羲龄以为这是让她做些迎客的准备。
翌日清晨,正是水倾星落的光景,她早早睡醒,将郁台的话转达给管家,腾出厅屋,商定会客的规制,教各项事宜均有着落。
本来也没多少事。
时有各行各业的客人出于种种目的拜谒摄政王宫,管家们早就习以为常,最近只有一个异国王子要紧的贵客,还算清闲的时候。
羲龄将事情交代好,又到前院的花房,照看花木的同时,也挑些盆栽摆去外面,作为装饰。
桃金娘、红豆杉和月桂树各搬两盆放在宴客厅,飞燕草、鼠尾草、晚香玉之类的小型盆栽在树下作为陪衬。
不过,异国王子这种级别的贵客,自然不能只用地球时代就随处可见的观赏花招待。
卖笑的是郁台,少不了他所深爱的“黑牡丹”。
花瓣是极深近黑的绛紫色,蕊心金粉,略泛光泽,一眼就雍容华贵,细看却非高不可攀,反而散着隐秘的柔情,像一场包藏于意识深处的绮梦。
采用转基因技术培育的夜光蓝花楹,最与黑牡丹的花色相配。
还有龙兰。
两盆“百蕊连珠”的大龙兰,一枝茎连缀开着上百朵花,直冲天顶,粉紫白三色相间,缎带似的,相当气派,但各自都有一截枯萎了,枯在尾巴还好,偏是斑斑点点地枯在中间,也不便再修剪。
思来想去,羲龄决定将上个月为祝贺新帝诞辰用过的磁吸悬浮花球重新拼起来。
花球由二十三种名贵花材,正好寓意新帝二十三岁。
听说这位异国王子比新帝年长两三岁,加上是异国来宾,花材还须有所取舍。
她逛遍三层花架,精挑细选,终于将大团花球扎得焕然一新,小心翼翼地抱在怀中,坐升降机回到地面。
花球挤满仅供两人并肩而立的羊肠小径,就要与两旁伸展出的枝叶打架,羲龄将挡住视线的花球缓缓放低,看见小径岔路的另一边,来了位似曾相识的看花客。
黑色的微卷长半披于后背,以一支紫檀簪松散束着,珠光墨绿色的曳地长袍随步伐荡然摇晃,质地看起来柔软垂坠。
姿影与兄长玄黎少年时的模样逐渐相合,模糊的记忆重新清晰起来。
如今战事频仍,身为帝国禁卫舰队的实际指挥官,玄黎少帅在功勋水涨船高的同时,也同郁台一般深陷于权力的旋涡。
羲龄已经很久没见过哥哥未着戎装的打扮。
小玉哥哥。
玄黎是上古美玉之名,所以羲龄私下就称呼他为“小玉”。
一声唤还未出口,那人似察觉到有人在后面,先一步驻足回望。
不是玄黎。
是一张身为男人过分美艳的脸。
清冷的光线斜落,勾勒出流利清爽的面部线条,也将目光引向精致的五官,尤其是眉眼。
少年的忧郁、欲说还休的秘密、格格不入的矜贵疏离,再加些微玄虚的异族情调,在浓淡合宜的眉眼间凝成诱人的危险。
异国王子?
少年与羲龄的眼神相遇,无表情的面容化出一抹客套的笑意,“需要帮忙吗?”
羲龄不敢劳烦来客,将花球丢给机器人,脱下园艺手套招待少年。
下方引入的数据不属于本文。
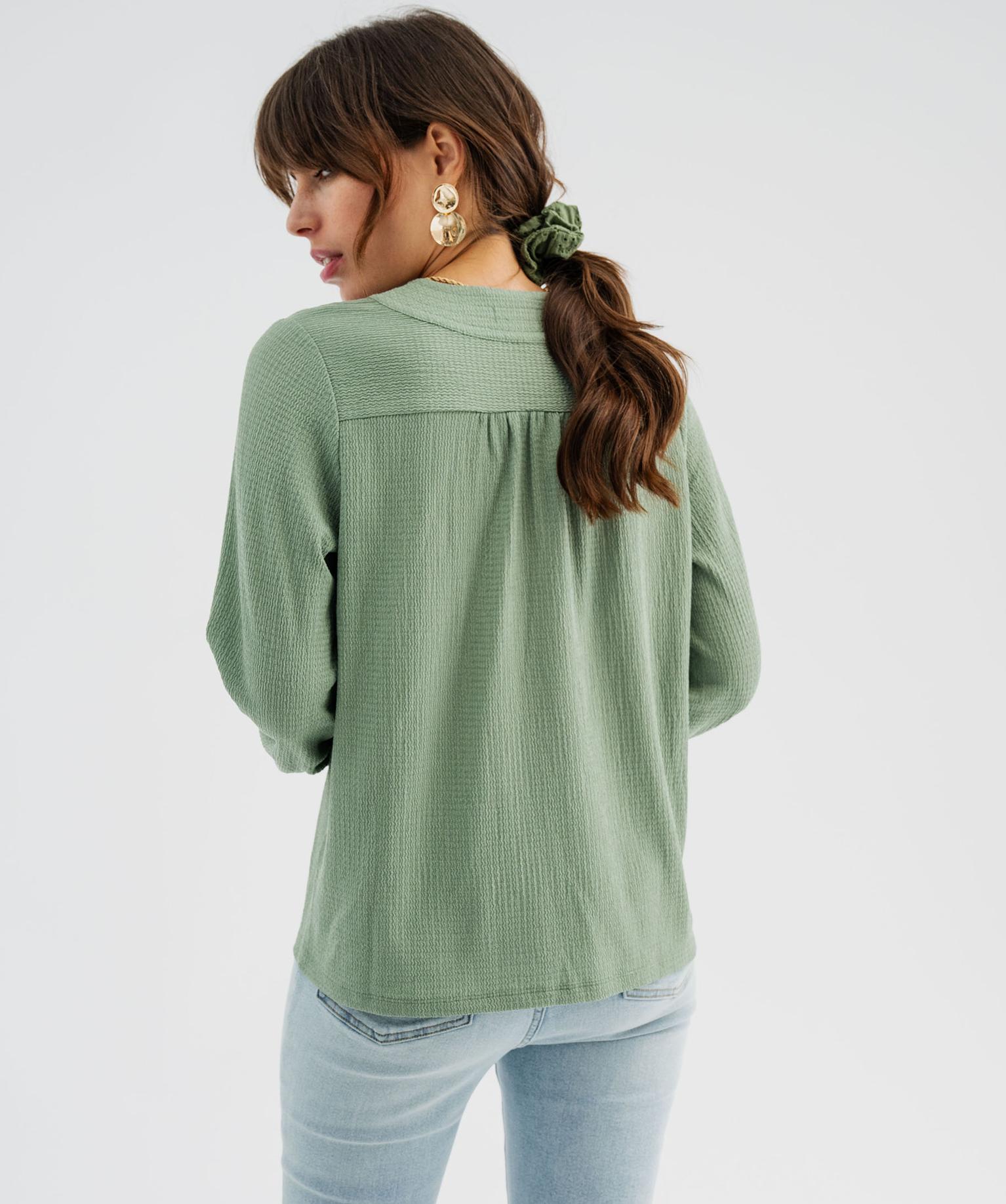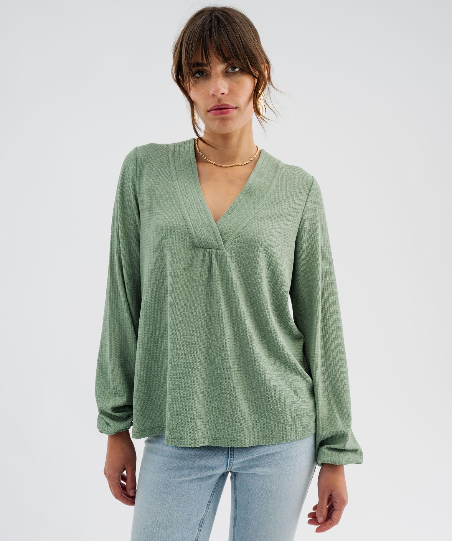 Tee-shirt à manches longues et col V en maille texturée femme vert

相陪散步,见少年兴味盎然,就随他眼光所至,介绍这里的花。
“哪怕有新的基因技术加持,龙兰要想开出上百朵花,也须小心翼翼地护养很久。才几天没人照看,就快枯死了。”
“许多娇贵的花木,因为移植在盆里、养在温室才愈娇贵,倘若自在生长于野地,放任不管也茁壮生长。”少年道。
羲龄没想到异国王子对草木的观察有如此之深,喜出望外,正想顺势询问缘故,却听花架后面的远处传来一阵语声。错失时机。